Source: Mapping Climate Change Scepticism, Mitigation and Adaptation Online (fortcoming). Compiled by Richard Rogers and the Digital Methods Initiative, Amsterdam.
Another immensely rich source of data about the social lives of issues is Wikipedia. For example at the University of Amsterdam researchers undertook a comparative analysis of Wikipedia articles about the Srebrenica massacre that took place in July 1995. They found that across six different language versions of Wikipedia there are significant differences in how the events were portrayed. As well as analysing basic elements such as article titles and contents, the analysts also looked at less obvious things like the locations of anonymous editors (based on IP address), the discussion pages behind the articles, images and reference lists. By surfacing the differences between national views, this kind of approach indicates the potential for gaining a better empirical understanding of how different publics react to different issues and controversies, from Crimea to Snowden, the Eurozone to the financial crisis.

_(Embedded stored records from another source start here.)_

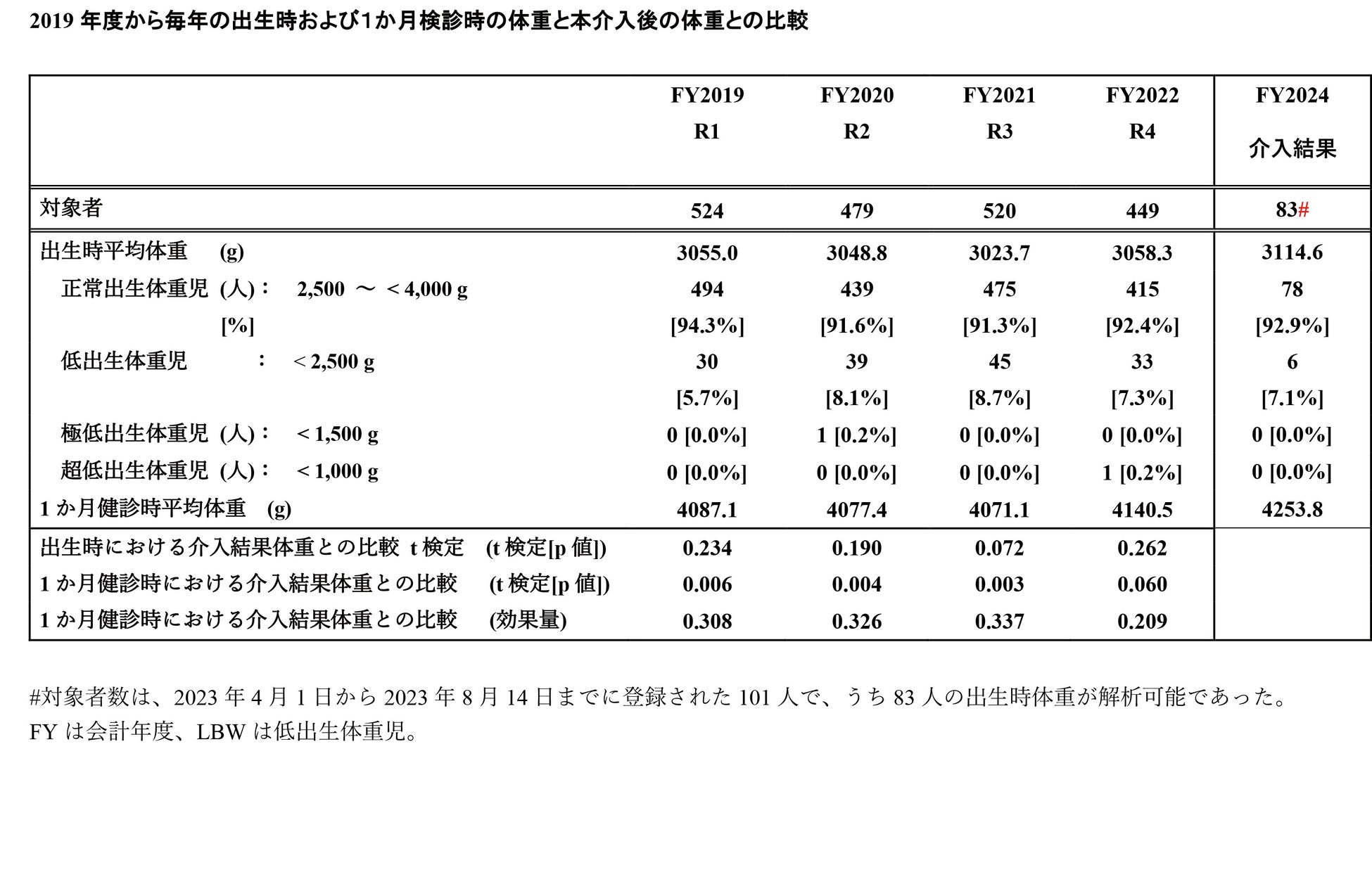 妊産婦への体調改善効果だけでなく、赤ちゃんの出生時体重増加には大きな意義があります。ここ20年、国内で新生児・乳幼児の体重は低下傾向にありました。世界中で、低出生体重児は医療的ケアが必要であることが多く、発育に遅延が生じたり、成人後も健康に関わるリスクが大きいことが指摘されています。そのような点から、本プロジェクトの調査結果は、出生児数が減少し、高齢出産率が増加傾向にある我が国の出産事情に鑑みても非常に重要であり、今後の支援策の基盤につながる可能性があります。
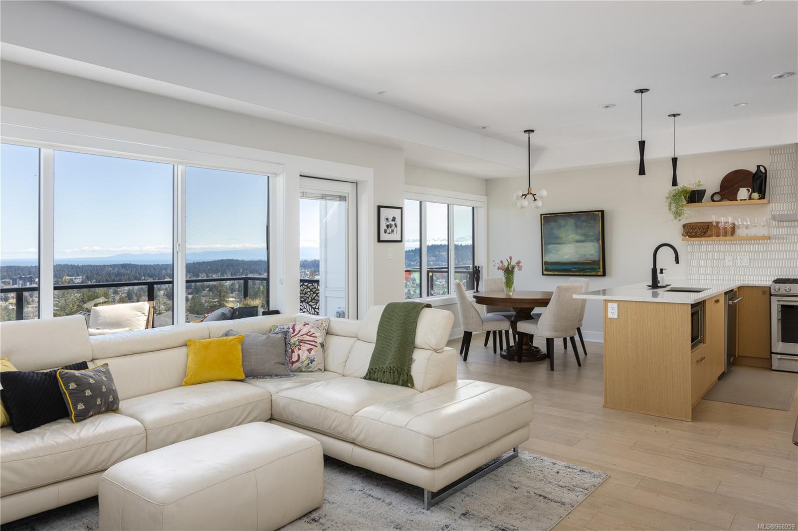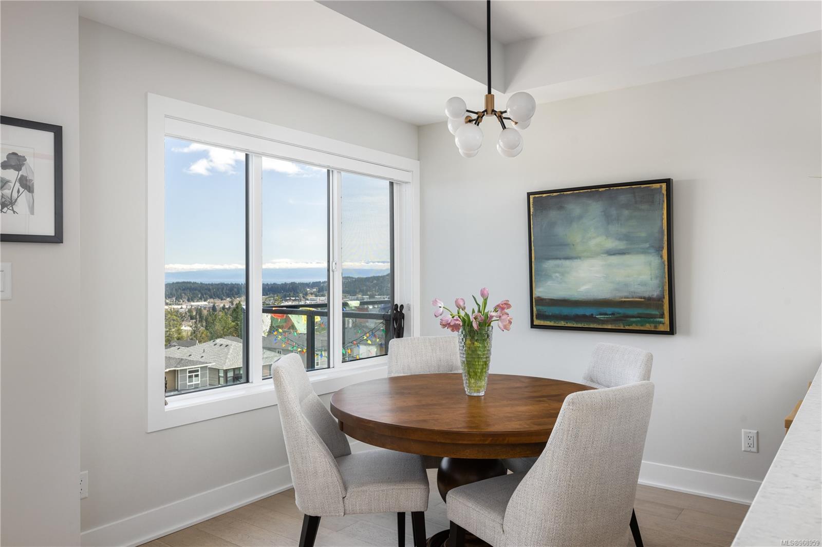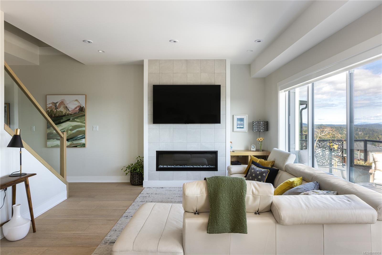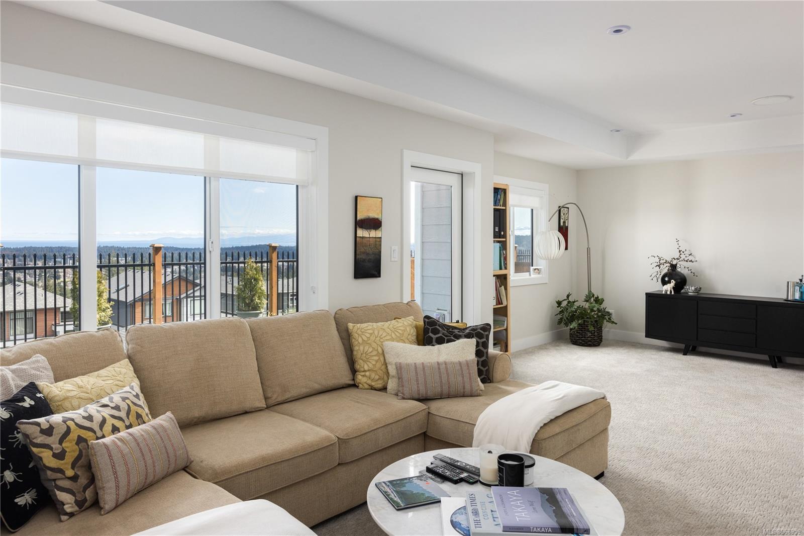 This stunning 3-bedroom, 4-bathroom Bear Mountain townhome offers endless ocean & mountain views, boasting 2,240 square feet of luxurious living space. With a thoughtfully designed floor plan and an abundance of windows, the home is bathed in natural light, creating a bright and inviting atmosphere. The spacious lower level features a large family or recreation room and a 4-piece bathroom, perfect for additional accommodation plus an outdoor yard space. On the main floor, the open-concept living, dining, and kitchen area is ideal for entertaining, boasting a cozy fireplace, gas appliances, a stunning deck, and refined finishes. Upstairs, you'll find the dedicated laundry room and serene sleeping quarters, including a primary suite with soaring 11-foot vaulted ceilings, breathtaking views of the city, ocean, and mountains, a generous walk-in closet, and a luxurious 5-piece ensuite. Executive townhome living at its finest, this beautiful Bear Mountain home won't last long!
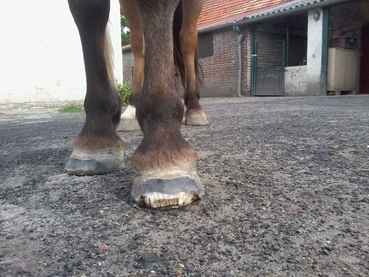 | Dire merci | Merci El Bimbo. ![]() Légère pourriture dans la ligne médiane ? Qu'est-ce qui te fait dire ça ? Je trouve la ligne médiane toujours sèche et nickel. Par contre il a de temps en temps de la pourriture dans les lacunes latérales qui sont bien profondes. La ligne blanche a tendance a être étirée en effet quand la paroi pousse bcp. D'ailleurs y 'a plein de gravillons qui se mettent dedans. Tu trouves la longueur de paroi correcte ? Je me demandais si c'était pas encore un peu long ? Sinon la corne est solide oui, surtout aux postérieurs où elle est noire, pour ces pieds là j'ai un mal dingue à râper ! Devant avec la corne blanche c'est bcp plus facile. Et question hauteur de talons, équilibre du pied, aplombs, ça va ? |
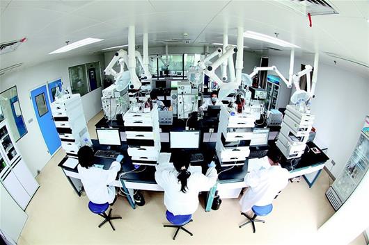 图为:熊猫体育院士专家工作站技术人员正在开展新药研发。(受访企业提供)
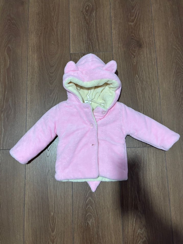 Kız çocukları için pembe, kapüşonlu ve kulak detaylı, yumuşak dokulu kürk iç astarlı, fit kesim ceket. Notched lapel yakaya sahip, sokak tarzına uygun.
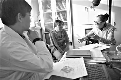 昨日,北京武警总医院,林女士(右一)和医生一起开导冯炯母亲,打消她对手术风险的疑虑。新京报记者 王叔坤 摄
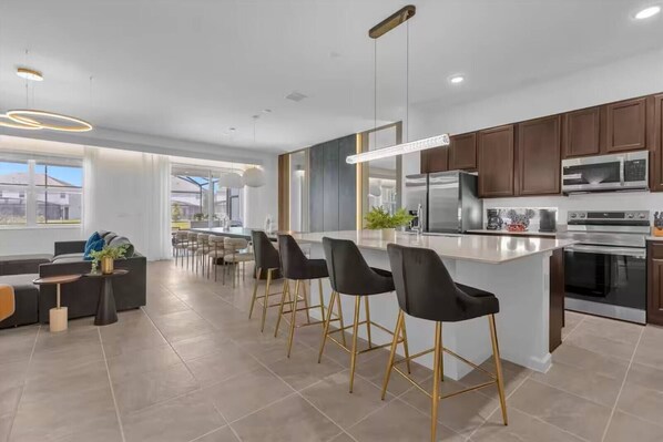 The fully equipped gourmet kitchen features stainless steel appliances, granite countertops, two refrigerators, and two dishwashers, making it ideal for large groups. Share meals at the oversized dining table or breakfast bar, then relax in the open-concept living area with plush seating and a large Smart TV.
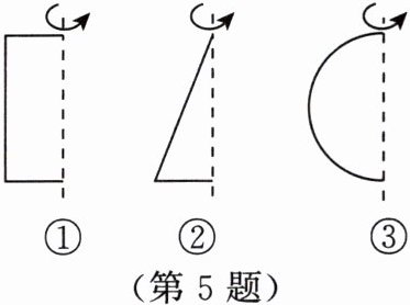 5. 如图,请你写出下列平面图形绕虚线旋转一周后得到的几何体的名称。

In times of shrinking news budgets and staff cuts journalists can turn to these readily available sources of data to complement interviews or surveys as a way to understand public engagement with major issues of the day. Scholars can support this process by making the datasets, tools and protocols developed during their work available to others. Sciences Po and the University of Amsterdam are making their toolkits for Internet research available here and here.
I hope that these examples have shown that academic research in social sciences and digital humanities can help to open up the journalistic imagination regarding sourcing of stories and how digital traces left by users of various online services can become a rich source of evidence in understanding the formation of publics and opinions, a process central to our democracies.